To that end and unfortunately, we’re not surprised by the mess the profession is in. We have serious concerns that the State Societies, a pillar for local firms, might not make it.  

 

One slide I presented in Walnut Creek was titled, “Renew firm of today” arguing the metrics we ought to be measuring are:  

  1. What are the top 3 things we are doing to make your firm your #1 client
  2. What are the top 3 things we are doing to NOT make your firm your #1 client
  3. Measuring team member satisfaction
  4. Monthly recurring revenue (yes, subscription model in 2014)
  5. # of A clients, B clients and C clients and,
  6. A value review with clients.  

 

The gist being you need to focus on having a healthy firm, with the right clients, creating the right value for them on a recurring basis.  These are the steps towards transforming your business model so you can work 40 hours or less all year round, with the right clients.  This model will facilitate the ability for both you and your team to work 40 hours or less with the right clients focused on value creation.
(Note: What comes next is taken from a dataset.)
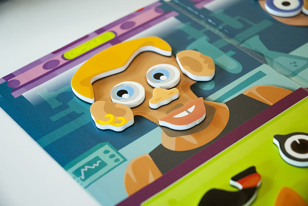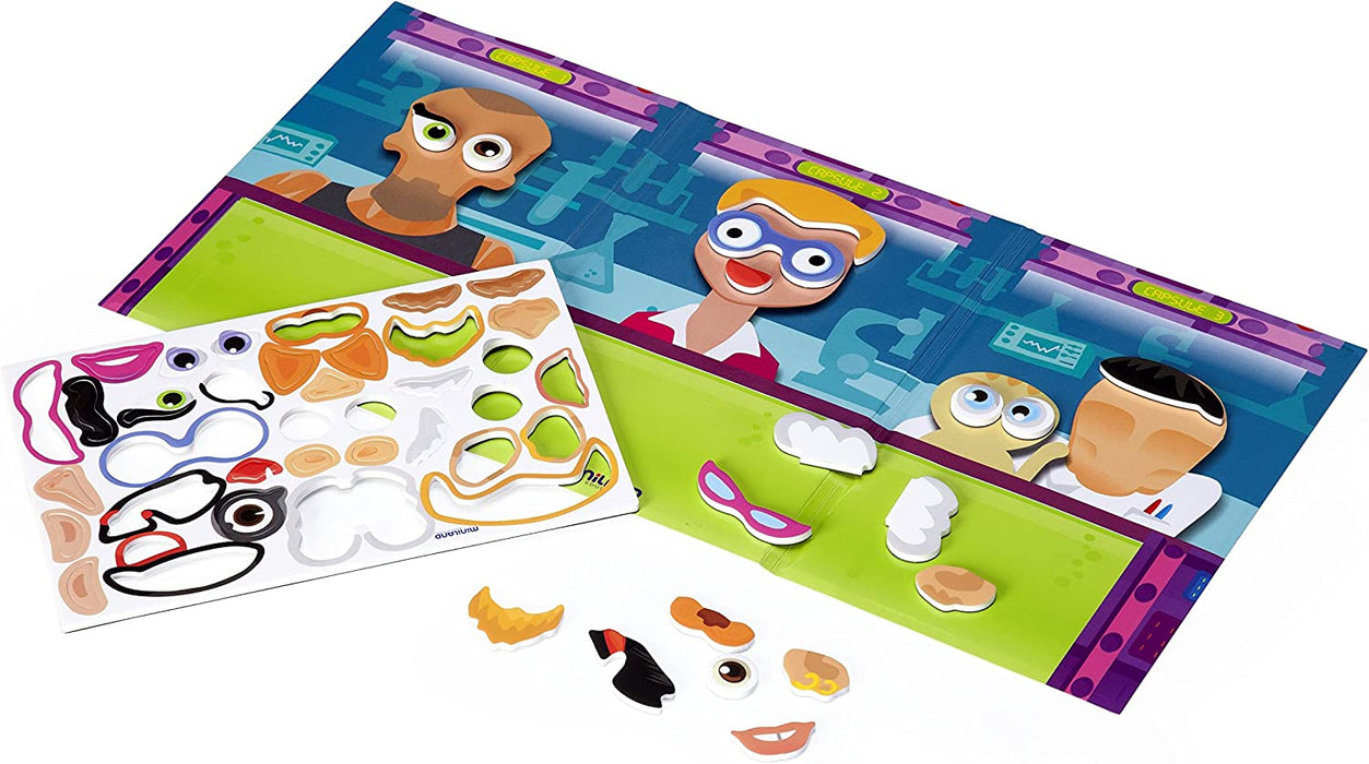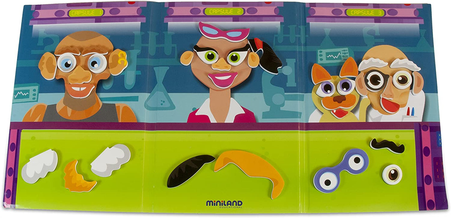 Miniland on the go crazy faces contains 1 magnetic surface, 38 magnetic pieces. Take out all the pieces and mix them on the inner board. Look at the characters on the outer board. Use your memory to combine the pieces on the faces in the four frames, and then check that they are all the same as the models on the outer board. You can also combine the pieces as you like to create endless crazy characters. It measures 21.5 cm length by 44 cm width.

This will drive pipeline and retention of accountants. It will also enable firm owners to goal seek for driving profits up and hours down.  

 

Many firms have made progress, and the AICPA/States are all too aware they have a real problem on their hands. We argue if the business model of accounting firms doesn’t change, all other initiatives will be short term or half-baked fixes. Address the tabasco issue.